Using a simple query:

QUERY_SIMPLE = """
SELECT col1
FROM bee as b 
JOIN a ON a.col1 = b.col1
"""

With models:

@table_meta(table_ref="a")
class aMock(ClickHouseTableMock):
    col1 = col.String(default="1")

@table_meta(table_ref="bee")
class bMock(ClickHouseTableMock):
    col1 = col.String(default="1")

@table_meta(query=QUERY_SIMPLE)
class BugTableMock(ClickHouseTableMock):
    col1 = col.String(default="1")
and test:
    def test_working():
    input_table_mock_1 = aMock()
    input_table_mock_2 = bMock()

    res = BugTableMock.from_mocks(input_data=[
        input_table_mock_1, input_table_mock_2])

    expected = [{'col1': '1'}]
    res.assert_equal(expected)
Yields error ` Cannot get JOIN keys from JOIN ON section: 'a.col1 = col1', found keys: [Left keys: [] Right keys [] Condition columns: 'equals(a.col1, col1)', '']. (INVALID_JOIN_ON_EXPRESSION) (version 23.8.4.69 (official build))`

Internal sql_mock cte is:
    WITH sql_mock__a AS (
  SELECT
    CAST('1' AS String) AS col1
  FROM (
    SELECT
      1
  )
  WHERE
    FALSE
), sql_mock__bee AS (
  SELECT
    CAST('1' AS String) AS col1
  FROM (
    SELECT
      1
  )
  WHERE
    FALSE
), result AS (
  SELECT
    col1
  FROM sql_mock__bee AS b /* bee */
  JOIN sql_mock__a /* a */
    ON a.col1 = b.col1
)
SELECT
  CAST(col1 AS String) AS col1
FROM result

Because table a does not have a AS a this fails. Because the table has now been replaced with slq_mock__a but it is still being referenced as a in a.col1.

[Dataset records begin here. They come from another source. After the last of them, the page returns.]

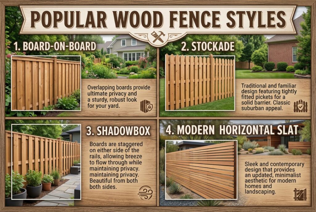 One of the biggest reasons homeowners prefer wood is the variety of design options. Board-on-board fences are excellent for strong privacy because overlapping boards reduce visible gaps. Stockade fences create a more classic solid barrier and are a familiar choice for many suburban yards. Shadowbox designs are useful when you want some airflow without giving up too much coverage.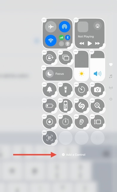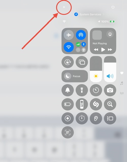 Swipe downwards from the top-right corner of the screen to expose the Control Centre - then tap the "+" icon: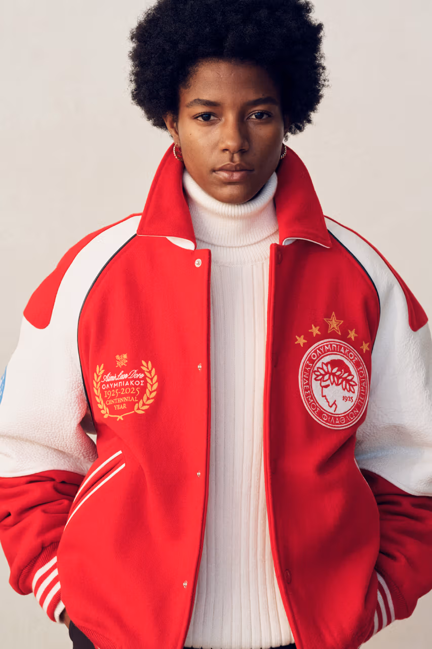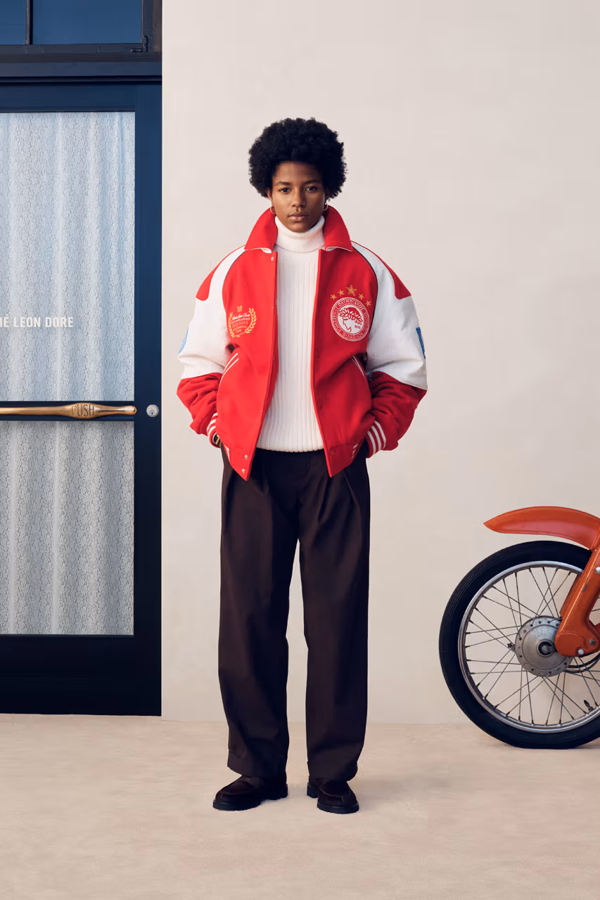 El ADN preppy de la firma se mantiene con trajes entallados y chándales de espiga. También hay un guiño deportivo con las chaquetas varsity de los Yankees y los Mets. Además, ALD explora las raíces griegas de Santis mediante una colaboración exclusiva con el Olympiacos FC, la primera entre ambas entidades.

thecasper2 commented 9 months ago

As far as I can tell this helper function is only designed to replace the table reference and not prefixed references to columns in that table, which wouldn't be necessary when using an alias anyway.

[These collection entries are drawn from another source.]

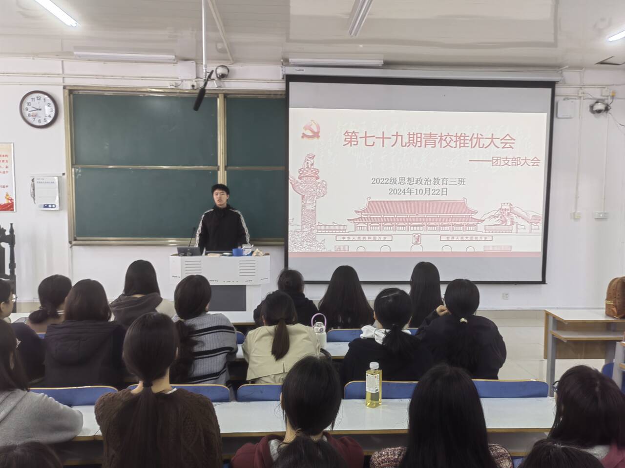 10月22日上午,beat365在线唯一官网2022级思想政治教育三班在514教室开展第七十九期青校推优大会。beat3652022级思想政治教育三班全体团员共同参与此次推优大会。大会由团支书余浩洋主持。
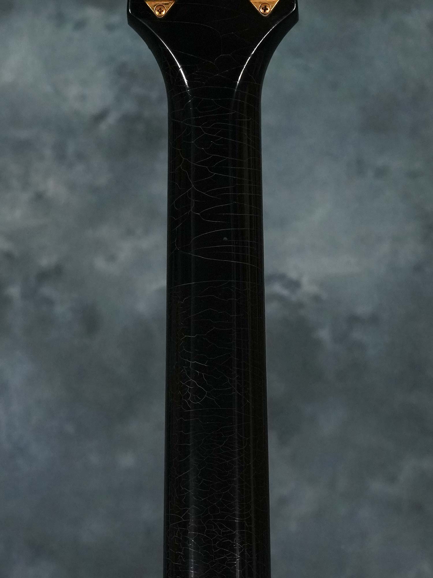 新品時よりヘッド~ネック~ボディに至るまでウェザーチェックや細かな打痕等と言った使用感が再現されたエイジド仕上げでハードウェアもしっかりエイジド加工が施されているため後から付いた傷との判別は難しいものの、違和感を感じるような大きなダメージやバックル傷なども無く、コントロールパネルの保護ビニールも貼られたままで殆ど使用感を感じられないコンディションを保っています。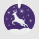 Ornamento do Círculo de Natal. Reindeer de Natal sobre o fundo azul do céu noturno com as estrelas. Texto personalizado no verso. Clássico, moderno e fofo ao mesmo tempo. Perfeito para todas as idades e gêneros. Ajustados em muitos estilos de decoração de Natal.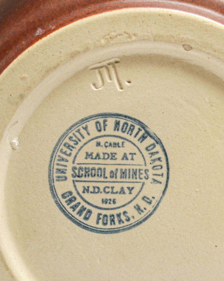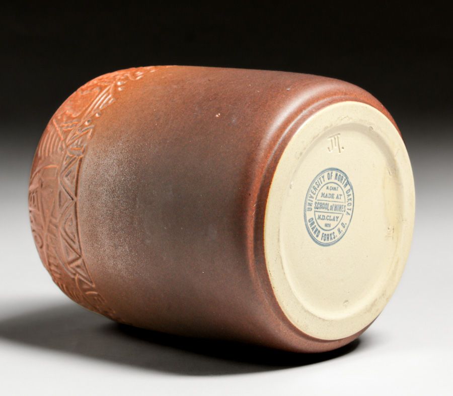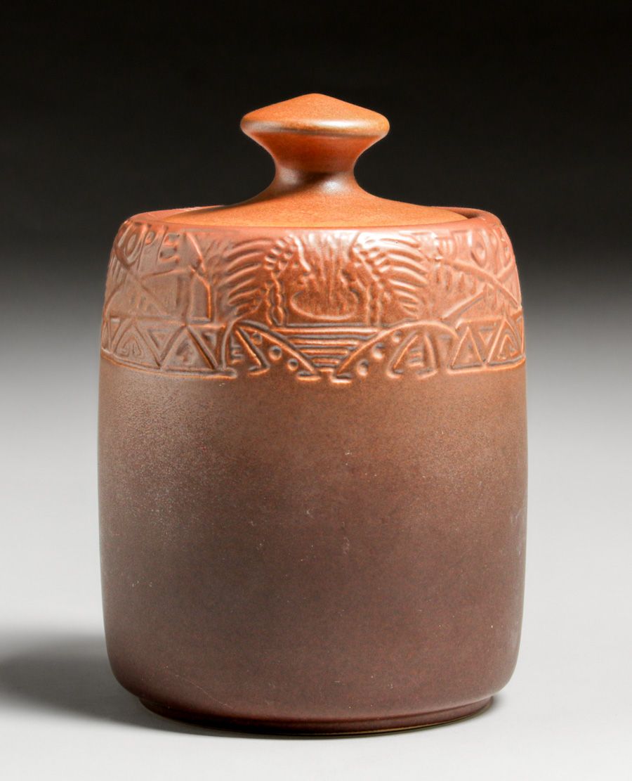North Dakota School of Mines Julia Mattson Hand-Carved Native American Humidor after 1913. Exquisite example of NDSM Pottery with crisp definition. Signed. Perfect condition. 8.25"h x 5.5"d SOLD

I can't readily think of a solution to this one, ideas welcome!

fgarzadeleon commented 9 months ago

Easiest would be to add documentation to always alias your tables but a fix that considers this in the package would be best.

Somtom commented 9 months ago

Thanks for filing that bug @fgarzadeleon! @thecasper2 I can have a look the upcoming days. I think the library we use (sqlglot) should be able to help us out there.

Somtom commented 9 months ago

@thecasper2 I got some response from Tobiko Data (the maintainers of sqlglot). Seems that replace_table is not a good tool for this type of job. They mentioned that the scope module could be interesting (there is also some explanation here)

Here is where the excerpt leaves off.